A rugged power forward in the second division of France’s pro basketball leagues — the tough guy always ready for a fight — he got fouled that night in 1991, with his wife and son watching from the stands.
He went to the foul line for free throws. Then, with no warning he was ill, he collapsed to the floor.
“Gone! Like that,” Nicolas Batum recalled with a finger-snap, of his father’s sudden death at 30 of a still undetermined cause.
That’s Batum’s first memory. His worst memory. He was 2 1/2 years old then, and had no idea that moment would one day almost derail his career.
“I had to grow up with this,” Batum, now 31, recalled. “People asking, ‘Will this happen to Nico?’ And then it all came back again before the draft.”
With the Hornets playing the Milwaukee Bucks on Friday in the NBA’s first regular-season game in Paris, Batum and his Paris-based agent, Bouna N’diaye, discussed in detail with the Observer how Richard Batum’s early death sparked a young Nic in basketball, how its aftereffect could have ended his NBA career before it started, and how the memory haunted Nic when his son, Ayden, was an infant.
Death and after death
Nic turned 31 in December.
“So many people in my family were scared for me. I made it” past his father’s passing, Batum said.

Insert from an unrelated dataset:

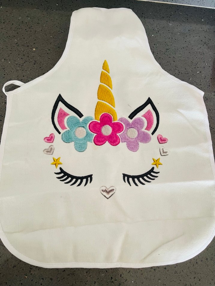 Pastel renkli nakışlı tek boynuzlu at ve çiçek desenine sahip beyaz mutfak önlüğü. Yemek yaparken koruma sağlar.

That fear — would he, too, die young? — surfaced consciously and subconsciously for many years. While he was just beyond infancy — his younger sister a month old — Batum recalls watching his father’s death as if the funeral was last week.

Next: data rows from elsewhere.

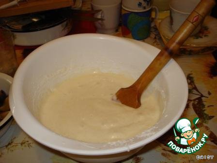 Добавить просеянную муку, соль и осторожно мешать (лучше деревянной) ложкой в одном направлении (лучше по часовой стрелке, к себе).
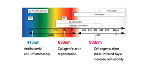 Has a wavelength as 415mm, the blue light has the effects of restraining inflammation, acne is mainly caused by an acid bacillus, the blue-light can destruct their bacteria with no injury to skin tissue, decrease acne as much as possible, decrease and cure acne during inflammation period very short time Advice for a period of treatment.
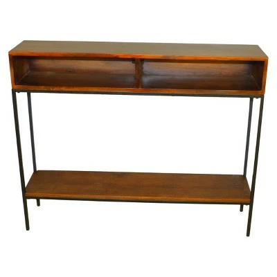 The Halsey Console is Perfect for a large or small spaces great for the entry way or behind the couch.. It boasts a slim cubby to stash mail, keys, gloves, photos or whatever else you want to keep handy. The lower shelf allows for even more storage space. Finely Constructed of Solid Mango Wood and hand crafted Steel Frame.
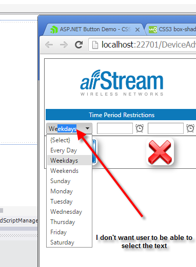 Hi, how can I stop the user from highlighting text of the selected item in a combo?

“I remember it all. When you see your dad die before your eyes, it’s so difficult to grow up with,” Batum said.
Television crews surrounded their home the next day. Batum couldn’t comprehend the finality of it all, that his father had passed away.

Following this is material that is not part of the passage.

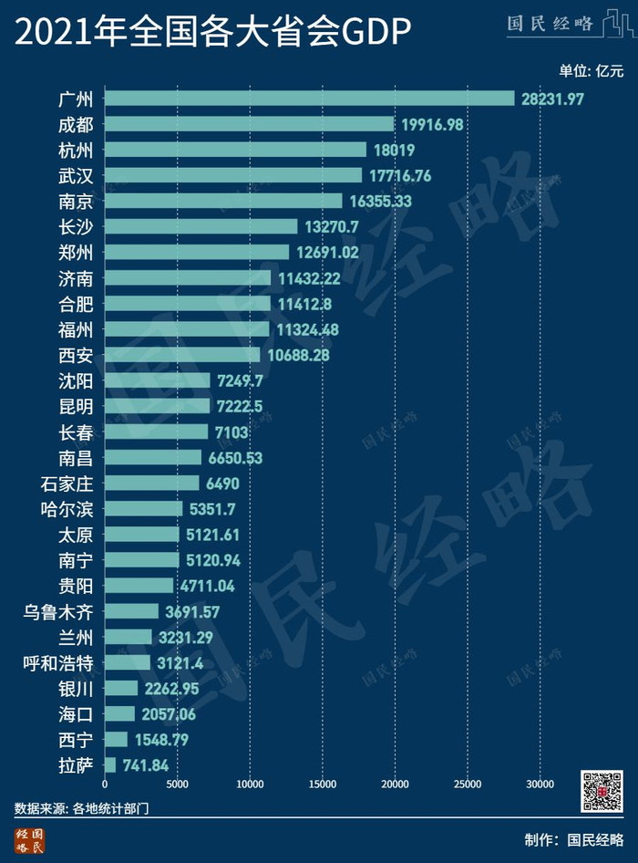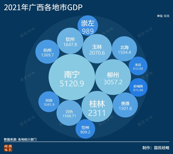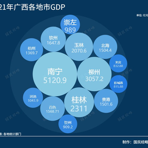 从领头羊城市来看,广西首府南宁2021年GDP为5120亿元,止步于50强之外,仅相当于广东惠州市的水平,不到广州的1/5。

“It’s a hard thing to grow up with,” he said. “I had to do something for him.
“ ... I started playing very early. I felt I had to do something in basketball to finish it.”
Batum grew up in a small town in the Normandy region, and it quickly became apparent he had the basketball talent his dad possessed.
At 12, he was sent to a school with sports specialization to practice daily. By 14, he was playing and living in Le Mans, a 90-minute drive from his home, effectively an apprentice professional, coming home only on occasional vacations when his team and national age-group obligations allowed.
“You can’t be a normal teenager,” Batum said of his upbringing. “You finish school in May or June and then you go straight to national team to prepare for Eurobasket. Then, training camp starts in August. You maybe have 10 days” to be a kid.
But the trade-off felt worth it when 19-year-old Batum, now 6-foot-8, was on the NBA’s radar. Tony Parker, six years older, had shown with the San Antonio Spurs that Frenchmen could be NBA-ready. (One of Batum’s dreams was to play with Parker, which happened last season with the Hornets.)
Batum traveled to North America for the standard workouts and physicals that precede every draft. That’s when his career nearly unraveled.
‘Why me? Why now!’
Batum wept uncontrollably in June 2008, repeating, “Why me? Why now?”
N’diaye, who represents numerous French players, including Utah Jazz star Rudy Gobert, replied, “Trust me. We will still make it happen.”
Batum’s draft status was crumbling. An electrocardiogram raised concern during his workout with the Raptors, and Toronto’s team physician asked if any of Batum’s family members had heart issues or had died young. Batum told the Raptors about his father dying at 30. That set off pre-draft concern around the league.
“He was red-flagged — no one would work him out,” N’diaye recalled of the reaction.
As if that wasn’t bad enough, Batum felt the NBA was questioning his integrity: “I had to prove I was in good condition. I was accused, like, ‘He’s ready to lie about his dad’s death for money!’ I was 19 years old and new to this country. I was talking to my mom every day” in a panic.
N’diaye sent Batum to an elite hospital — the Cleveland Clinic — for an expedited workup. A heart specialist found nothing of concern, but before making a final appraisal, he needed the records of Richard Batum’s death.
Except there were none.
No autopsy had been performed. His official cause of death was unknown. The presumption was either a heart attack or a ruptured aneurysm, but the Cleveland doctor needed more clarity. They eventually tracked down the doctor who pronounced Richard Batum’s death; he’d retired and moved to Africa.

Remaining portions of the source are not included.